Oral arguments on the District Court's denial of the plaintiffs' preliminary injunction were heard on May 8, 2013, before the U.S. Court of Appeals for the Ninth Circuit in Pasadena. In August 2013, the court, in a 3–0 decision, upheld the denial of the preliminary injunction, finding that the law likely violated neither the Due Process Clause nor the Commerce Clause of the U.S. Constitution as asserted by the plaintiffs. In January 2014, the Ninth Circuit Court of Appeals denied a request by foie gras proponents to reconsider their challenge to the law.

On January 7, 2015, U.S. District Judge Stephen V. Wilson held on remand that the portion of California's law banning the sale of foie gras within the state (California Health and Safety Code § 25982) was preempted by the federal Poultry Products Inspection Act (PPIA), and enjoined the California Attorney General from enforcing it. Judge Wilson's decision was appealed to the Ninth Circuit. California's Attorney General, Kamala Harris, argued that the PPIA regulates the ingredients of poultry products, but that the manner in which the birds are fed while alive does not constitute an ingredient and so therefore California's foie gras law is not preempted by the PPIA. On December 7, 2016, the U.S. Court of Appeals for the Ninth Circuit held oral arguments in this appeal in Pasadena.
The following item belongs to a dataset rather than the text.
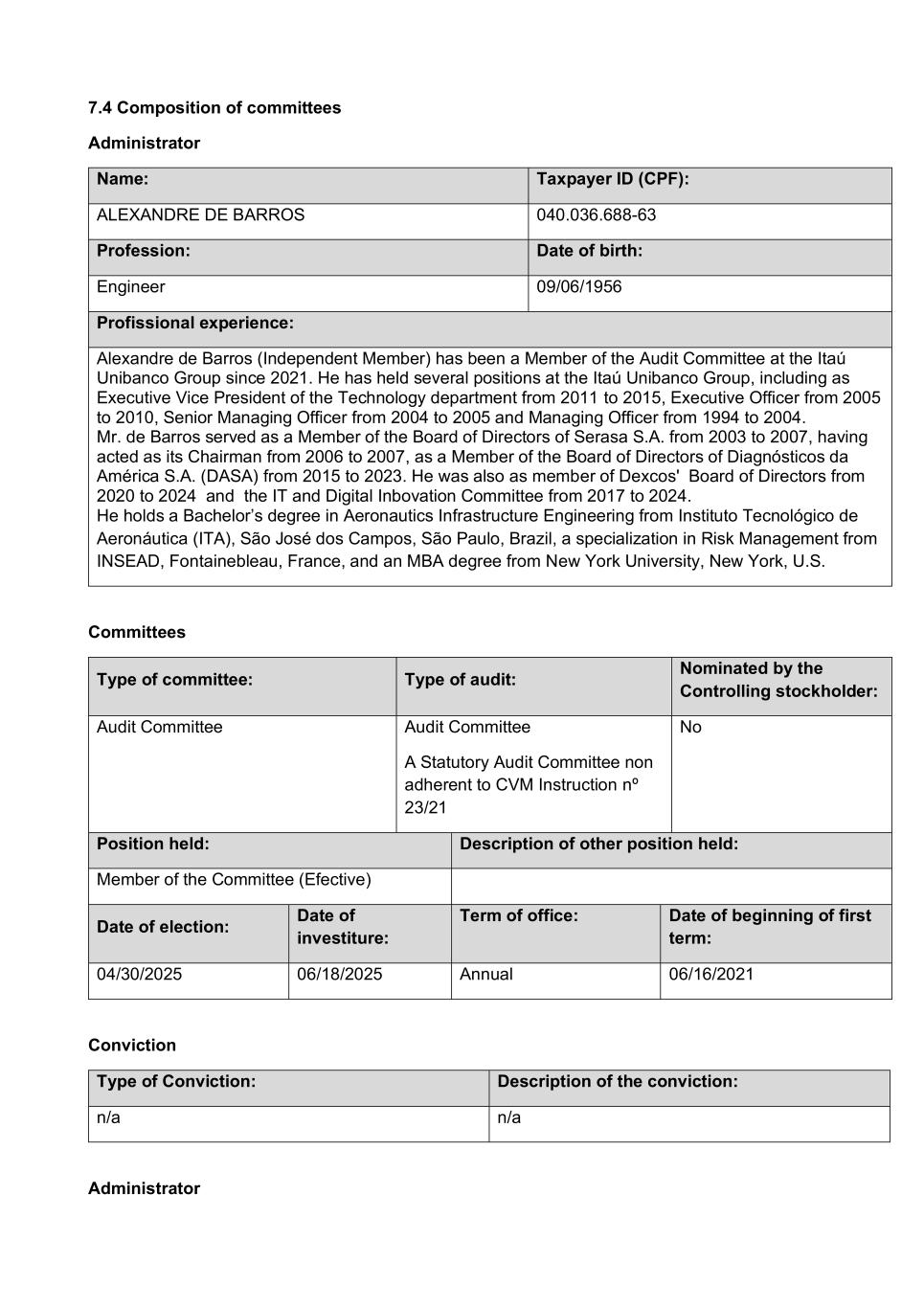 7.4 Composition of committees Administrator Name: Taxpayer ID (CPF): ALEXANDRE DE BARROS 040.036.688-63 Profession: Date of birth: Engineer 09/06/1956 Profissional experience: Alexandre de Barros (Independent Member) has been a Member of the Audit Committee at the Itaú Unibanco Group since 2021. He has held several positions at the Itaú Unibanco Group, including as Executive Vice President of the Technology department from 2011 to 2015, Executive Officer from 2005 to 2010, Senior Managing Officer from 2004 to 2005 and Managing Officer from 1994 to 2004. Mr. de Barros served as a Member of the Board of Directors of Serasa S.A. from 2003 to 2007, having acted as its Chairman from 2006 to 2007, as a Member of the Board of Directors of Diagnósticos da América S.A. (DASA) from 2015 to 2023. He was also as member of Dexcos' Board of Directors from 2020 to 2024 and the IT and Digital Inbovation Committee from 2017 to 2024. He holds a Bachelor’s degree in Aeronautics Infrastructure Engineering from Instituto Tecnológico de Aeronáutica (ITA), São José dos Campos, São Paulo, Brazil, a specialization in Risk Management from INSEAD, Fontainebleau, France, and an MBA degree from New York University, New York, U.S. Committees Type of committee: Type of audit: Nominated by the Controlling stockholder: Audit Committee Audit Committee A Statutory Audit Committee non adherent to CVM Instruction nº 23/21 No Position held: Description of other position held: Member of the Committee (Efective) Date of election: Date of investiture: Term of office: Date of beginning of first term: 04/30/2025 06/18/2025 Annual 06/16/2021 Conviction Type of Conviction: Description of the conviction: n/a n/a Administrator

The three-judge panel hearing the arguments consisted of U.S. Circuit Judges Harry Pregerson, Jacqueline Nguyen, and John Owens. On September 15, 2017, the three-judge panel unanimously reversed U.S. District Judge Stephen V. Wilson's January 7, 2015 decision, finding that the California foie gras law is not preempted by the federal Poultry Products Inspections Act.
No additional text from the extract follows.